Germany Faces Economic Weakness as Central Bank Cautiously Plans Rate Cuts

FRANKFURT, Nov 25 - Germany is experiencing a prolonged period of economic weakness, according to Bundesbank President Joachim Nagel. He noted that the country's economy has been stagnant for two and a half years, with a bleak outlook due to lackluster export demand and a recession in its oversized industrial sector.

In a recent speech, Nagel indicated that stagnation is expected to continue into the final quarter of this year, potentially resulting in negative growth.

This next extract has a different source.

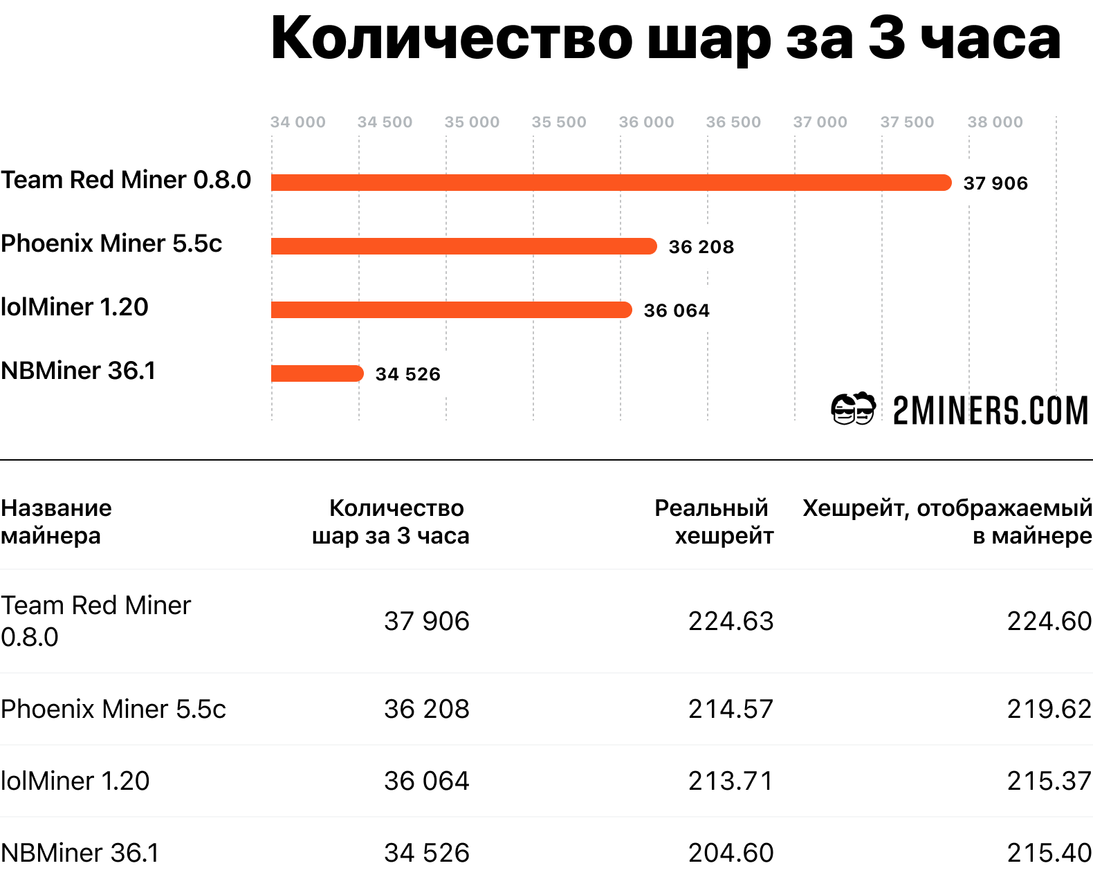 Первое место в очередной раз занял TeamRedMiner. На этот раз он оторвался намного больше от конкурентов, его хешрейт оказался выше второго места почти на 5 процентов. Любопытно, что хешрейт TRM на пуле и в майнере оказался почти идентичен. Это может говорить, например, о том, что TeamRedMiner не учитывает комиссию при расчете хешрейта.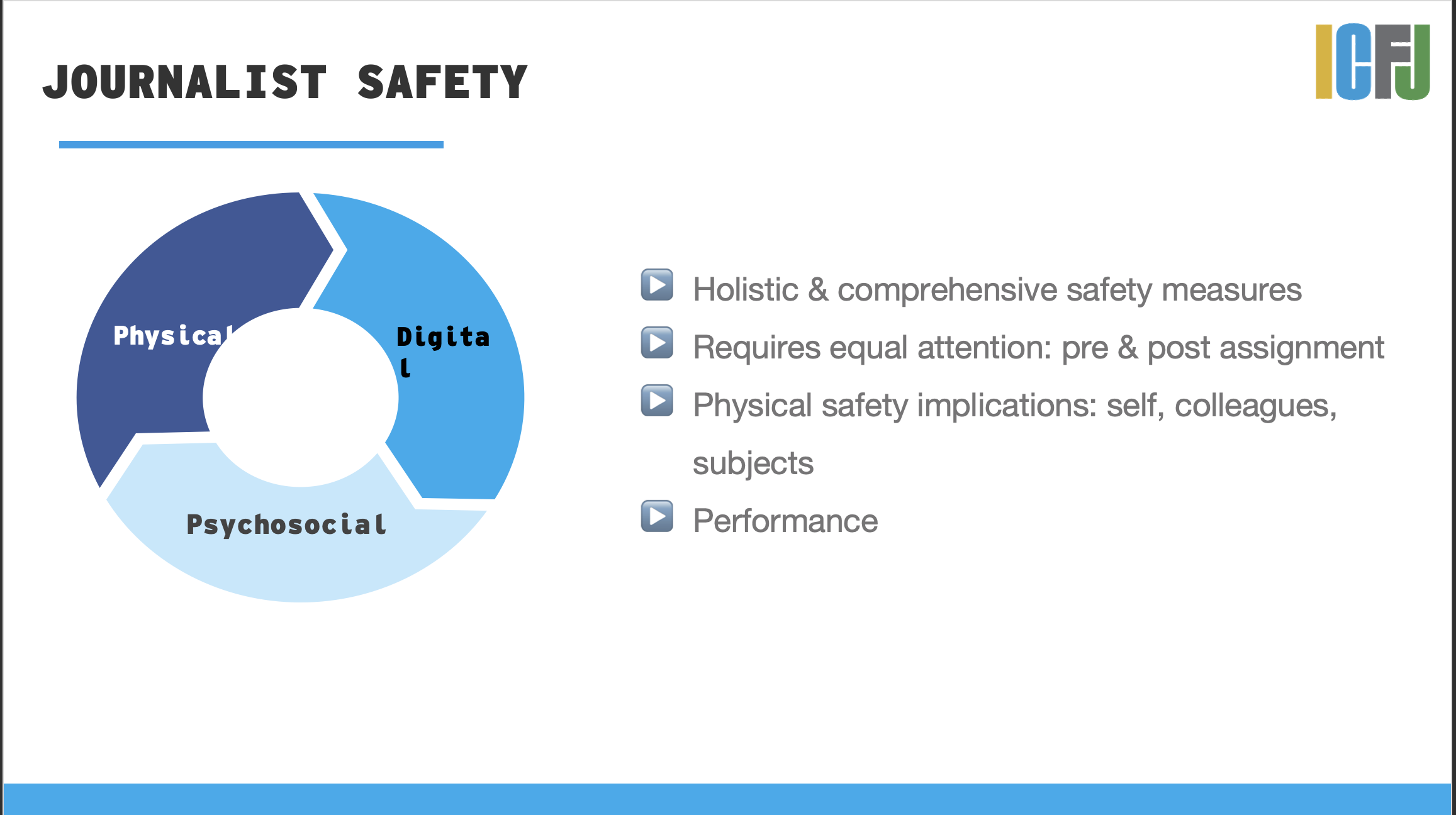 • Peer support through the ICFJ Pamela Howard Forum on Global Crisis Reporting discussion groups. “Colleague-to-colleague communication has shown that it really provides a sense of validation, and just talking to people who understand the context and the content of the work is something you can’t get elsewhere.”

He emphasized that while weak growth may suppress consumer prices, caution is necessary regarding interest rate cuts by the European Central Bank (ECB).

Wage growth remains a concern, and underlying inflation is still high. Additionally, Nagel warned that trade policies from the new U.S. administration could introduce inflationary pressures. He advocated for gradual monetary policy adjustments rather than swift changes.

The ECB has already reduced interest rates three times this year, with a fourth reduction anticipated on December 12. Market speculation suggests a 40% chance of a larger cut of 50 basis points, rather than the usual 25, reflecting the current economic climate.

By the end of next year, the ECB’s deposit rate is projected to decrease to 1.75%, below the neutral rate, indicating market expectations for further central bank stimulus.